• [WHAT IS EXPECTED] Repeat the listing exactly. Do not carry over any pictures.

• [GIVEN DATA]
= Beginning of Section =

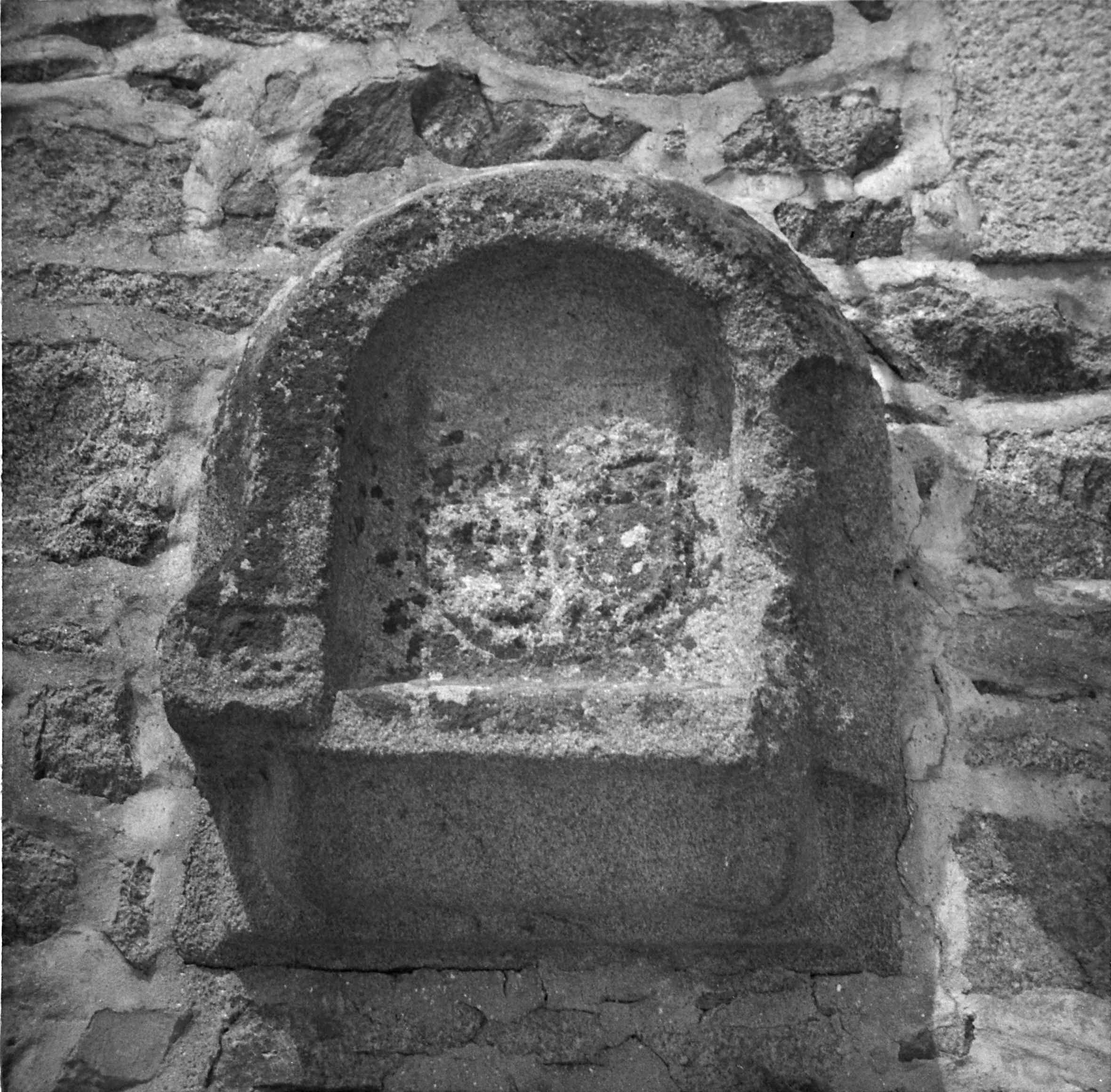 Kermaria-Sulard, Kergoff : ferme datée 1841, détail des armoiries du manoir, ancienne photographie (1969-1975)Immatriculation
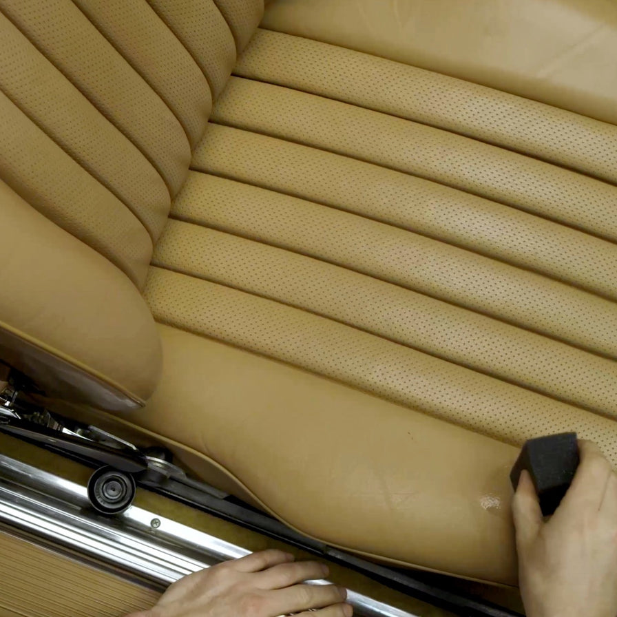 Le durcissement peut être partiellement inversé, mais un cuir rétréci reste rétréci. C'est particulièrement une mauvaise nouvelle pour les tableaux de bord difficiles à démonter. Cependant, ces cuirs rétrécis doivent toujours être traités avec Leather Softener pour protéger le cuir de la dégradation et le rendre plus résistant. Les cuirs durcis sont humidifiés autant que possible avec Leather Softener. Pour les cuirs avec une surface très lisse et fermée, traitez d'abord avec notre tampon de ponçage pour cuir pour obtenir une meilleure absorption du ramollisseur. Le ramollisseur est une huile purement synthétique et ne se dégrade pas comme les huiles animales, qui s'oxydent après peu de temps.
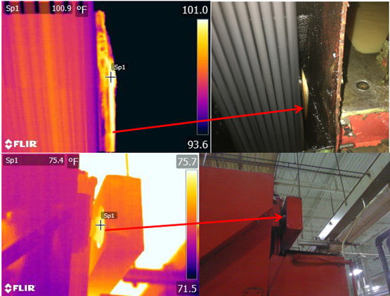 Next, we will look at the external bearings of the equipment looking for excessive heating that may give us clues of damage to the system.
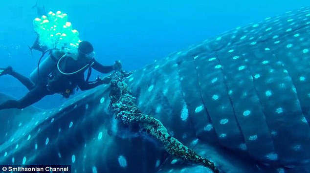 It takes just thirty seconds for the diver to remove the rope which may have tortured the gentle giant for years.

= End of Section =

• [TASK ANSWER]
 Kermaria-Sulard, Kergoff : ferme datée 1841, détail des armoiries du manoir, ancienne photographie (1969-1975)Immatriculation
 Le durcissement peut être partiellement inversé, mais un cuir rétréci reste rétréci. C'est particulièrement une mauvaise nouvelle pour les tableaux de bord difficiles à démonter. Cependant, ces cuirs rétrécis doivent toujours être traités avec Leather Softener pour protéger le cuir de la dégradation et le rendre plus résistant. Les cuirs durcis sont humidifiés autant que possible avec Leather Softener. Pour les cuirs avec une surface très lisse et fermée, traitez d'abord avec notre tampon de ponçage pour cuir pour obtenir une meilleure absorption du ramollisseur. Le ramollisseur est une huile purement synthétique et ne se dégrade pas comme les huiles animales, qui s'oxydent après peu de temps.
 Next, we will look at the external bearings of the equipment looking for excessive heating that may give us clues of damage to the system.
 It takes just thirty seconds for the diver to remove the rope which may have tortured the gentle giant for years.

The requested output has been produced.